Data entries
---------------

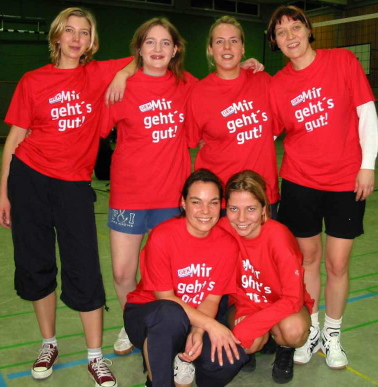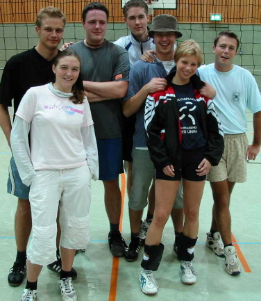 | Reibungslose Organisation | Markus Fischer hatte wie schon in den letzten beiden Jahren die sportliche Organisation des Turniers übernommen. Mit kühlem Kopf und geschickter Menschenführung sorgte er für einen reibungslosen Ablauf. Trotz der teilweise hart umkämpften Matches wurde nach jedem Spiel freundschaftlich abgeklatscht. Insgesamt herrschte eine Stimmung vor, als würde der Steingeist persönlich mitbaggern. In diesem Sinne freue ich mich schon auf das 10. Volleyballturnier der Ehemaligen, hoffentlich wieder mit vielen roten Schnecken, gesunden Schweinis und unzähligen alten und jungen Steinis. Die Namen wurden bei der Anmeldung genannt, sie stimmen nicht bei allen Mannschaften genau mit den Personen überein, die tatsächlich gespielt haben. |
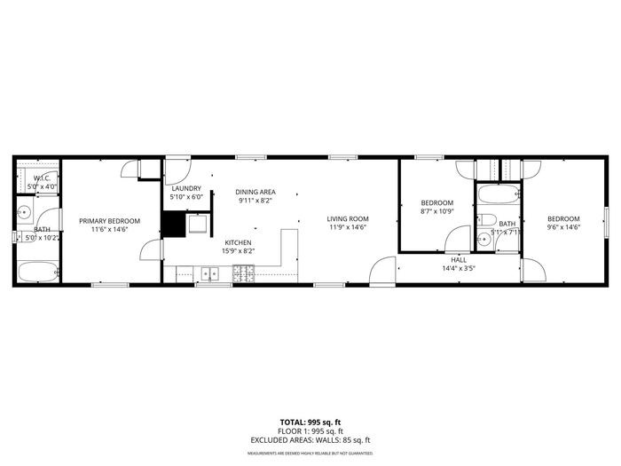 3 Bedrooms, 2 Bathrooms, Living Room, Kitchen, Laundry Room
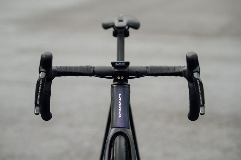 L'Orca, bien que axé sur la légèreté, présente encore quelques améliorations aérodynamiques sans compromettre le poids du cadre. L'utilisation du système d'acheminement interne complet des câbles ICR masque les câbles tout en conservant la possibilité de réglage des barres traditionnelles. L'Orca est équipé de barres légères de la sous-marque Oquo d'Orbea.
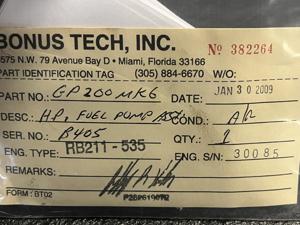 380 | GP200MK6 | B405 | HP FUEL PUMP ASSY | 1 | AR | RB211 | E30085ART | SID19349 | View |
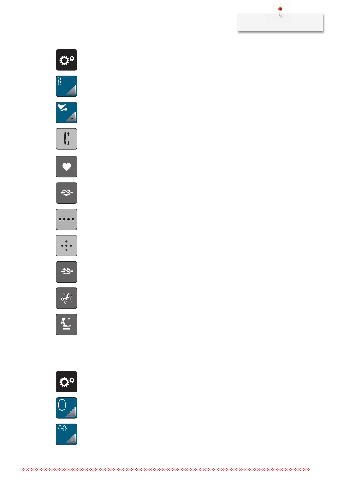 > To program the number of securing stitches, tap «Minus» or «Plus».
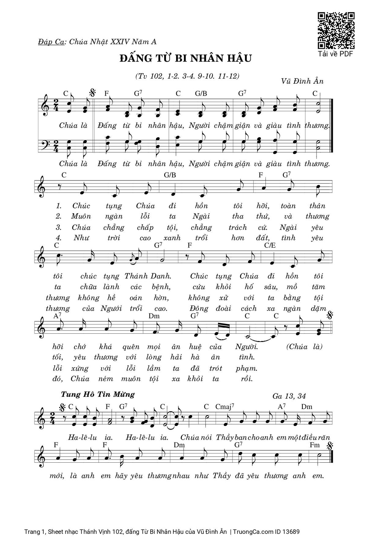 Phần nghe hát Thánh Vịnh 102, đấng Từ Bi Nhân Hậu (Vũ Đình Ân) được nhúng từ Youtube, Musescore hoặc link ngoài và chịu sự kiểm soát bản quyền của bên thứ ba đó, vì vậy có thể bị xóa hoặc chèn quảng cáo bất kỳ lúc nào. Nếu bạn không nghe - xem được ca sĩ hát tức là đã bị Youtube hoặc Musescore kiểm soát.
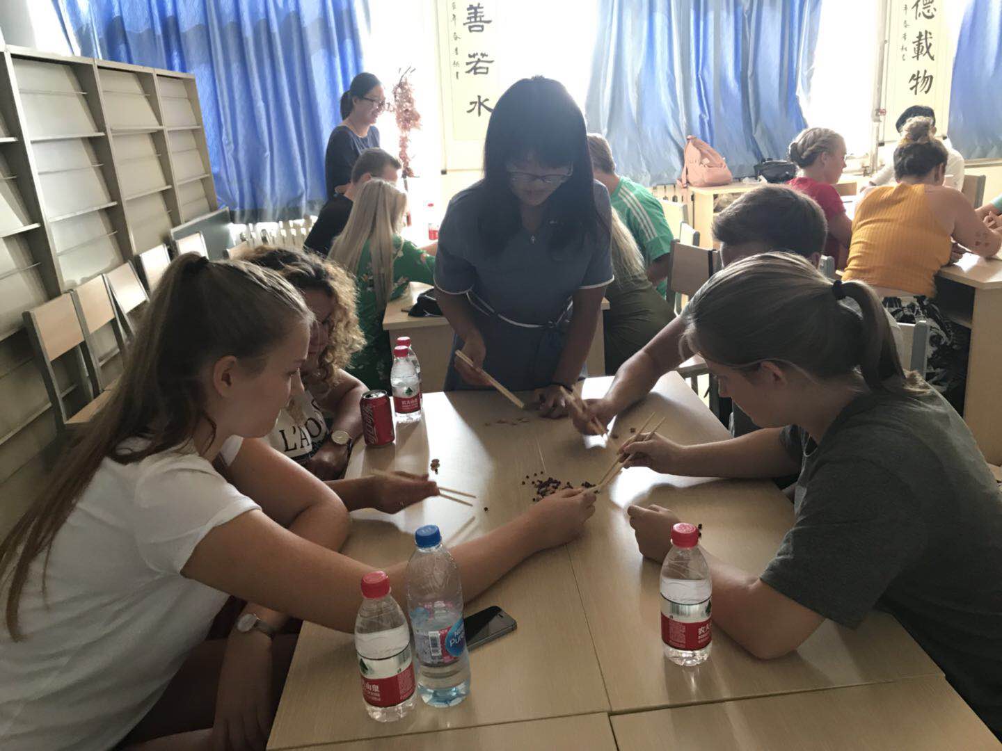 丹麦师生学习使用筷子
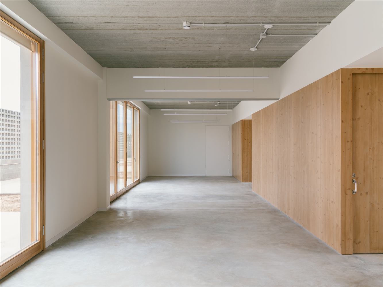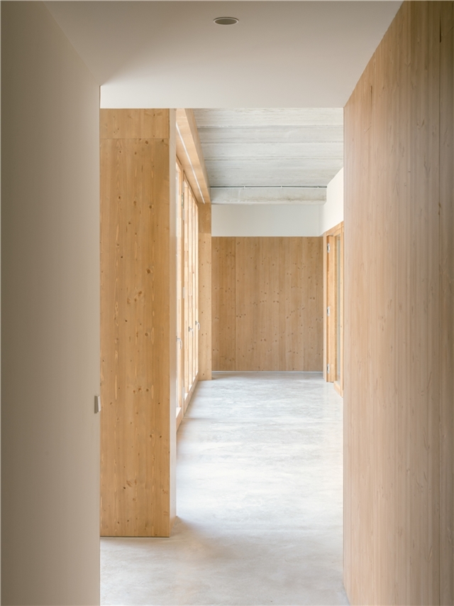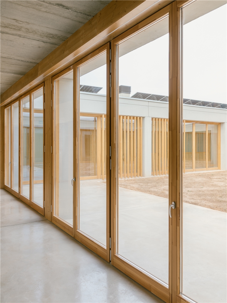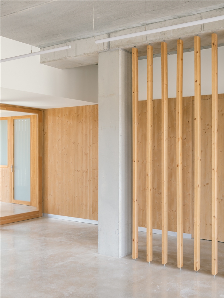 La materialidad se concibe como parte activa de la experiencia espacial. El uso de hormigón visto, madera y tonos claros construye ambientes serenos, cálidos y fácilmente legibles, donde los materiales nobles, empleados en estado casi crudo, están pensados para envejecer con dignidad, adquiriendo pátina y carácter con el paso del tiempo. La estructura, lejos de ocultarse, forma parte del paisaje interior y exterior, evitando revestimientos superfluos y poniendo en valor la honestidad constructiva.
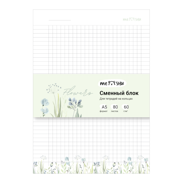 Сменный блок для тетрадей на кольцах А5 80л, клетка, белый "Flowers" MS_57267 MESHU
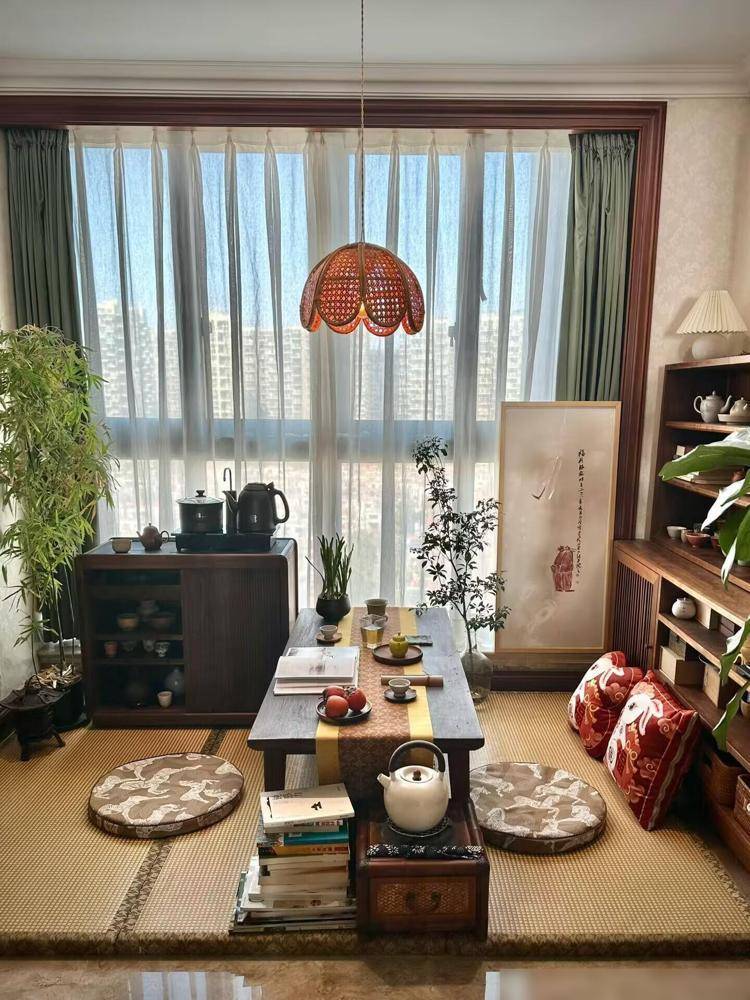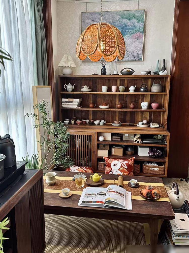 诚然夜晚也要有不同的好意思感,是以在窗帘上方还挂着一盏古色古香的吊灯,白炽灯泡散逸出顺心而柔顺的光泽,让所有空间看起来既亮堂又温馨,这种灯光为咱们带来了恬逸和舒缓,相配适合清闲地将一壶好茶逐渐喝完。

---------------

_EXERCISE INSTRUCTIONS_
The reply should hold only the lines from the first line of the records above through the line containing "To program the", copied exactly and without pictures.

_YOUR RESPONSE_
 | Reibungslose Organisation | Markus Fischer hatte wie schon in den letzten beiden Jahren die sportliche Organisation des Turniers übernommen. Mit kühlem Kopf und geschickter Menschenführung sorgte er für einen reibungslosen Ablauf. Trotz der teilweise hart umkämpften Matches wurde nach jedem Spiel freundschaftlich abgeklatscht. Insgesamt herrschte eine Stimmung vor, als würde der Steingeist persönlich mitbaggern. In diesem Sinne freue ich mich schon auf das 10. Volleyballturnier der Ehemaligen, hoffentlich wieder mit vielen roten Schnecken, gesunden Schweinis und unzähligen alten und jungen Steinis. Die Namen wurden bei der Anmeldung genannt, sie stimmen nicht bei allen Mannschaften genau mit den Personen überein, die tatsächlich gespielt haben. |
 3 Bedrooms, 2 Bathrooms, Living Room, Kitchen, Laundry Room
 L'Orca, bien que axé sur la légèreté, présente encore quelques améliorations aérodynamiques sans compromettre le poids du cadre. L'utilisation du système d'acheminement interne complet des câbles ICR masque les câbles tout en conservant la possibilité de réglage des barres traditionnelles. L'Orca est équipé de barres légères de la sous-marque Oquo d'Orbea.
 380 | GP200MK6 | B405 | HP FUEL PUMP ASSY | 1 | AR | RB211 | E30085ART | SID19349 | View |
 > To program the number of securing stitches, tap «Minus» or «Plus».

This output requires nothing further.